The Paris Masters was blown wide open on Friday when both Rafael Nadal and Roger Federer pulled out of their quarter-finals with injuries.
Second seeded Federer was the first to go, announcing that he would not be able to take his place on the center court as planned against James Blake. Top seed Nadal did see some action shortly afterward, but promptly withdrew with an injury to his right knee after dropping the first set 1-6 to Russia’s Nikolay Davydenko.
It was a double body blow for the prestigious tournament, which has been hit by a rash of injury withdrawals in recent years.
PHOTO: AFP
In the day’s opening quarter-final, Andy Murray’s hopes of making tennis history by winning three consecutive Masters Series titles were wrecked by an outstanding David Nalbandian. The defending champion from Argentina won their quarter-final tie 7-6 (7/3), 6-3, producing the best tennis of the week as his love affair with Paris in the autumn continued.
The shocks of the day, however, concerned Federer and Nadal, who had been seeded to face off in today’s final in what would have been their first meeting on court since their epic Wimbledon clash in July.
The second seed, who has never won a tournament in Paris, strained his back going for a shot in his opening match on Wednesday against Sweden’s Robin Soderling and it came back overnight on Thursday to haunt him. It was the first time in his career that Federer had been forced to withdraw from a tournament after it had started and it will cast doubts over whether he will be able to defend his Masters title in Shanghai starting in nine days time.
“I’d had a bad back for a couple of days — it came about against Soderling [on Wednesday] — went away for the next match against Cilic, but came back during that match and hasn’t gone away since,” he said. “With overnight painkillers you sort of get over it, but I just can’t play the way it is right now. Hopefully it will be fine for Shanghai.”
The withdrawal improves Blake’s chances of reaching the Masters finals and he now goes on to play Jo-Wilfried Tsonga for a place in the final following the Frenchman’s 5-7, 6-4, 7-6 (7/5) victory over Andy Roddick of the US in the late match.
It was in the second set that Tsonga showed courage, saving at least 10 break points. Roddick got a break of service ahead in the third set, but Tsonga once more came back to take the victory.
“Thanks to everyone for having supported me right to the end,” Tsonga told the crowd afterward.
To go to Shanghai, starting on Nov. 9, Tsonga must beat Blake and hope that Nalbandian loses to Davydenko in the other semi-final, or Tsonga must beat Nalbandian in the final to get his ticket to China.

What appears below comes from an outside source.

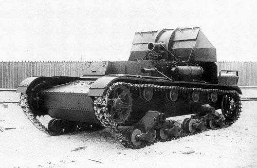 После испытания пехотной САУ АТ-1, проложившей дорогу новому виду артиллерии своей боевой эффективностью, в СССР начались работы над так называемым “малым триплексом”, представлявшим собой универсальный лафет с откидными упорами на базе пехотного танка Т-26. На этом лафете в зависимости от ситуации размещали либо 76-мм пушку образца 1902/30 гг. с увеличенной длиной ствола (СУ-5-1), либо 122-мм гаубицу образца 1910/30 гг. (СУ-5-2), либо 152-мм мортиру образца 1931 г. (СУ-5-3).

Nadal said that he had felt a pain in his knee at the start of the tournament and that it had got worse on Thursday.
“Today [Friday] when I wake up I feel it a lot,” he said. “I had no power in my right leg for play with the backhand and I was never going to win a match like this. Hopefully I will be fine for Shanghai, but you never know.”
Nalbandian played some of the best tennis of his career at this same tournament last year, defeating both Federer and Nadal in straight sets on his way to clinching back-to-back Masters titles. And the Paris air appears to have lifted his spirits again as he saw off Murray, who had won the last two ATP tournaments in Madrid and St Petersburg and who had a chance here to become the first man to win three consecutive Masters Series titles after Cincinnati and Madrid.
Nalbandian broke first in the fourth game of the first set to lead 3-1, but he promptly gave that back in the following game with some sloppy play. A tired-looking Murray was hanging on grimly and took the set into a tie-break, but he fell quickly behind in that and never looked like turning the tables as he has done so often in recent games. Nalbandian jumped out into a 2-0 lead in the second set, only for Murray to get back on level terms again, but when the 21-year-old Scot dropped his serve again in the next game the writing was clearly on the wall.
“The standard of points was excellent,” Murray said. “I am obviously disappointed to lose, but I’m glad that I played against a guy as good as him and it took him playing a great match to beat me. The tie-break I didn’t serve particularly well. That was probably the one thing that cost me the first set.”
Nalbandian, who next plays Nikolay Davydenko, agreed that it been “a great match.”